#### [Task statement]
Take the line with "ในส่วนของตู้เสื้อผ้านี้ ทาง Noble" and every line after it, through the end of the listing, and give them again exactly, pictures excluded.

#### [Information shown]
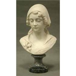 BYST, ALABASTER, KVINNA MED SKUREN ROS, PÅ GRÅFÄRGAD SOCKEL, C. 1900, H38
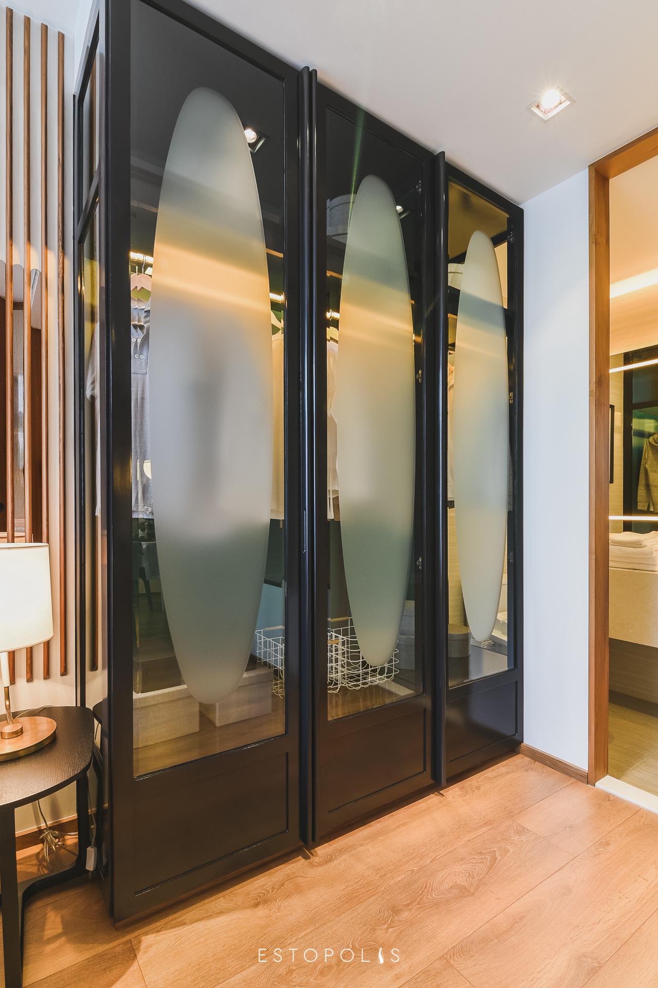 ในส่วนของตู้เสื้อผ้านี้ ทาง Noble BE 33 Sukhumvit (โนเบิล บีเทอร์ตี้ทรี สุขุมวิท) จะบิลท์อิน (Built in) มาให้ด้วย แต่จะมีหน้าตาต่างออกไป เป็นตู้อลูมิเนียมสีโรสโกลด์ บานเปิดปิดแบบเลื่อนสไลด์ ส่วนหน้าบานจะกรุกระจกสีชา เพื่อความโปร่งและช่วยประหยัดพื้นที่ใช้สอยในของห้อง
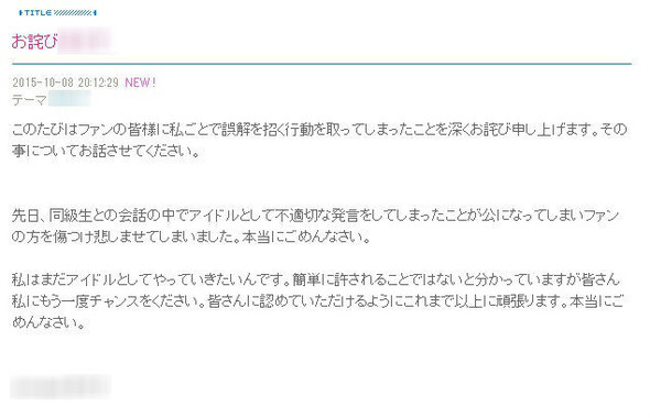 その後、メンバーと所属事務所は事実であることを認め、謝罪した。ところが、「アイドルを辞めろ!」などと騒ぎは収まらず、謝罪したブログのコメント欄も炎上した。
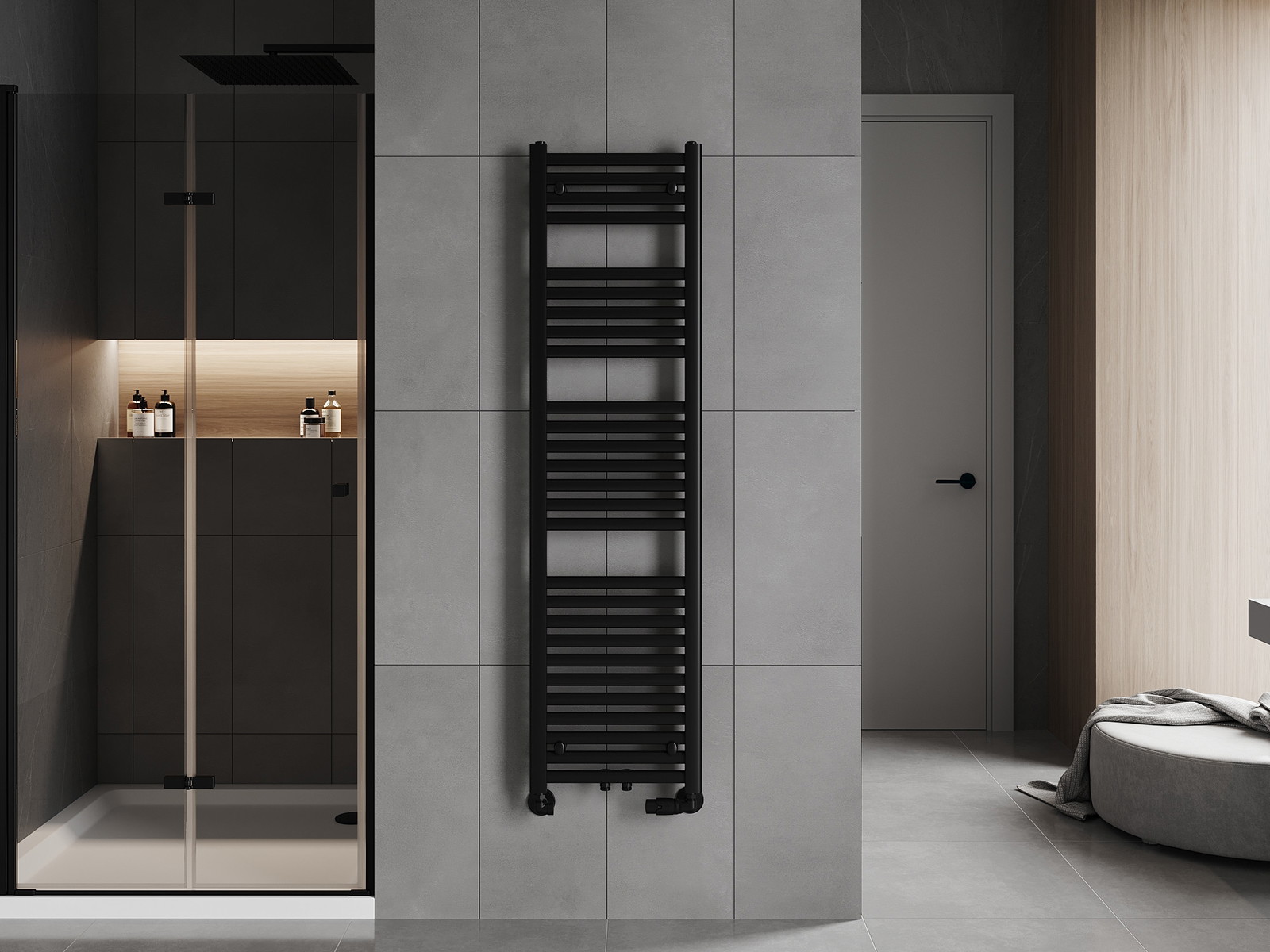 De Mexen Hades badkamer radiator onderscheidt zich door zijn moderne ontwerp en hoge efficiëntie. Het biedt een verwarmingsvermogen van 583 W bij afmetingen van 1500 x 400 mm, waardoor het ideaal is voor elke badkamer. Het product is gemaakt van corrosiebestendig staal en heeft een stijlvolle zwarte kleur RAL 9005. Dankzij de verschillende aansluitmogelijkheden en de maximale werktemperatuur tot 95°C biedt de Mexen Hades flexibiliteit bij de installatie en snelle en efficiënte verwarming van de ruimte. Alle noodzakelijke montageaccessoires zijn inbegrepen.

#### [Solved exercise]
 ในส่วนของตู้เสื้อผ้านี้ ทาง Noble BE 33 Sukhumvit (โนเบิล บีเทอร์ตี้ทรี สุขุมวิท) จะบิลท์อิน (Built in) มาให้ด้วย แต่จะมีหน้าตาต่างออกไป เป็นตู้อลูมิเนียมสีโรสโกลด์ บานเปิดปิดแบบเลื่อนสไลด์ ส่วนหน้าบานจะกรุกระจกสีชา เพื่อความโปร่งและช่วยประหยัดพื้นที่ใช้สอยในของห้อง
 その後、メンバーと所属事務所は事実であることを認め、謝罪した。ところが、「アイドルを辞めろ!」などと騒ぎは収まらず、謝罪したブログのコメント欄も炎上した。
 De Mexen Hades badkamer radiator onderscheidt zich door zijn moderne ontwerp en hoge efficiëntie. Het biedt een verwarmingsvermogen van 583 W bij afmetingen van 1500 x 400 mm, waardoor het ideaal is voor elke badkamer. Het product is gemaakt van corrosiebestendig staal en heeft een stijlvolle zwarte kleur RAL 9005. Dankzij de verschillende aansluitmogelijkheden en de maximale werktemperatuur tot 95°C biedt de Mexen Hades flexibiliteit bij de installatie en snelle en efficiënte verwarming van de ruimte. Alle noodzakelijke montageaccessoires zijn inbegrepen.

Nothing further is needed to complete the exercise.